The Roman Blind Technique (Fig. 5): in order to further stabilise the soft palate and to juxtapose the edges of the wound, we lastly perform, using another double barbed wire, the Roman Blind Technique as proposed by Mantovani et al.: i.e. intra muscular stitches connecting on both sides the posterior nasal spine (a), the edge of soft palate (b), the hamulus region (c), the posterior pillar (d), the mandibular raphe (e) and back to the posterior pillar (f).
At the end of the procedure, the soft palate is shortened and pulled forward; the distance between the soft palate and the posterior pharyngeal wall is increased; the wound is closed in the near absence of visible threads.
Results
Preliminary results, based on bed partners' opinions, confirmed that all patients obtained a consistent reduction of snoring and even disappearance of noise in some cases, once the uvular oedema was resolved and palatal fibrosis was established. The mean score in the Snoring Visual Analogic Scale was reduced from 9.2 to 2.9. In mild OSAS patients, which were a minority (7/24), the mean AHI changed from 8.9 to 3.8.
All patients were discharged on the first day after the procedure: antibiotic and analgesic therapy was prescribed; when uvular oedema was present, we prescribed corticosteroid therapy for 5 days.
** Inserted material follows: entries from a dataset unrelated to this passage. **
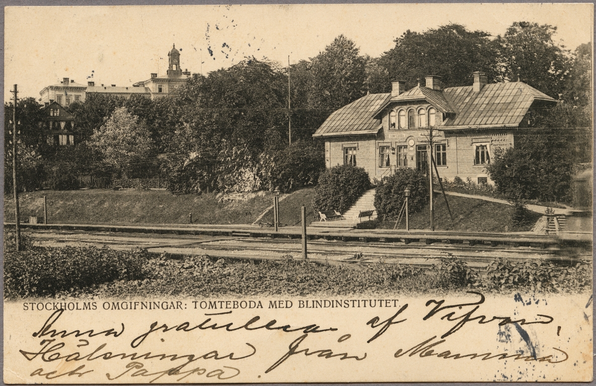Järnvägsstationen i Tomtedboda. Till vänster i bild skymtar Blindinstitutet.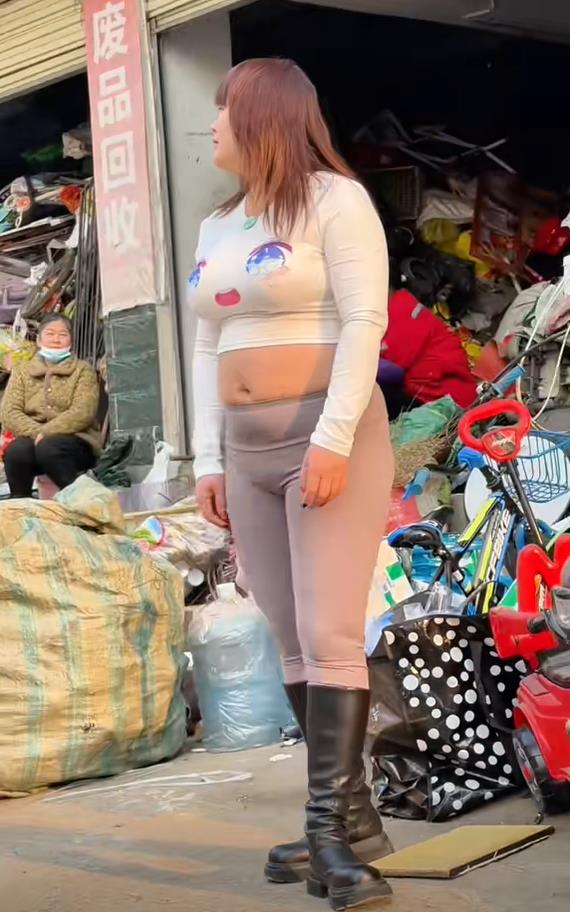 这本身并没有什么奇怪的,但问题在于,这名女子之所以会成为极为大妈眼中的焦点,主要原因还是因为女子虽然身材看起来不那么好,但是却显得很自信,尤其是敢穿着性感的衣服出现在大街上,这自然就会吸引到大妈们的眼光。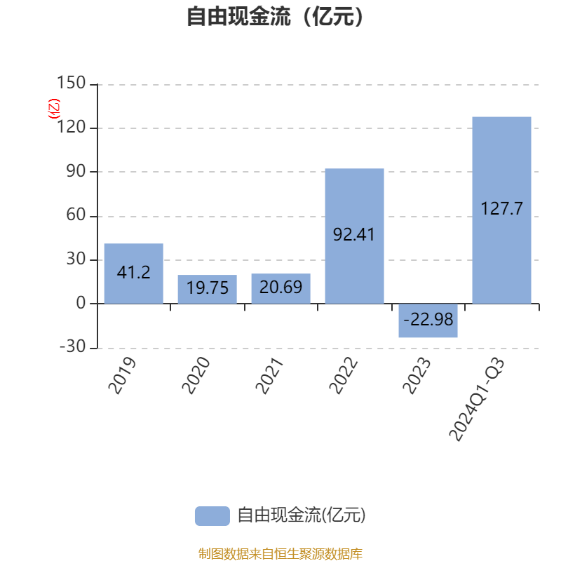 2024年前三季度,公司经营活动现金流净额为114.35亿元,同比增长56.56%;筹资活动现金流净额-56.84亿元,同比减少14.59亿元;投资活动现金流净额14.02亿元,上年同期为-110.45亿元。

Some dietetic restrictions were applied, as during the course of posttonsillectomy.
Postoperative pain, in the patients' opinions, was mild to moderate for the first 5-6 days, then slowly decreased; after two weeks pain had usually disappeared.
In many cases (19/24), the extremity of the thread was partially extruded for a short segment, due to the natural retraction of the tissue; in these patients, it was necessary to cut the protruding piece of the wire.
We did not observe any velar insufficiency or dehiscence of the wound. After 4 to 6 weeks, a fibrous scar was observed in correspondence of the palatal wound, with a consequent increase in velar stiffness.
Discussion
The innovations we added to Pang's anterior palatoplasty permit, in our opinion, good stability of the suture, producing a better development of palatal fibrosis that provides an effective final stiffness. This effect is further supported by the needful use of barbed self-blocking threads, thanks to their property of spreading the tension along the entire length of the wire. The practical execution of the surgical procedure is, moreover, made easier because knots are not required: this is a considerable advantage in a small field such as the oral cavity.
In our experience, postoperative discomfort is not significantly different from that observed in anterior palatoplasty, when considering both postoperative pain and recovery time.
Conclusions
We believe that barbed anterior pharyngoplasty is an effective surgical procedure for the treatment of snoring and mild OSAS; the indication is represented by the anteroposterior pattern of palatal vibration/obstruction. It ensures valid palatal stiffness with a good shortening of the velum without significant tissue removal. Furthermore, the technique prevents disjunction of the margins of the palatal wound that we sometimes observed in classical anterior palatoplasty.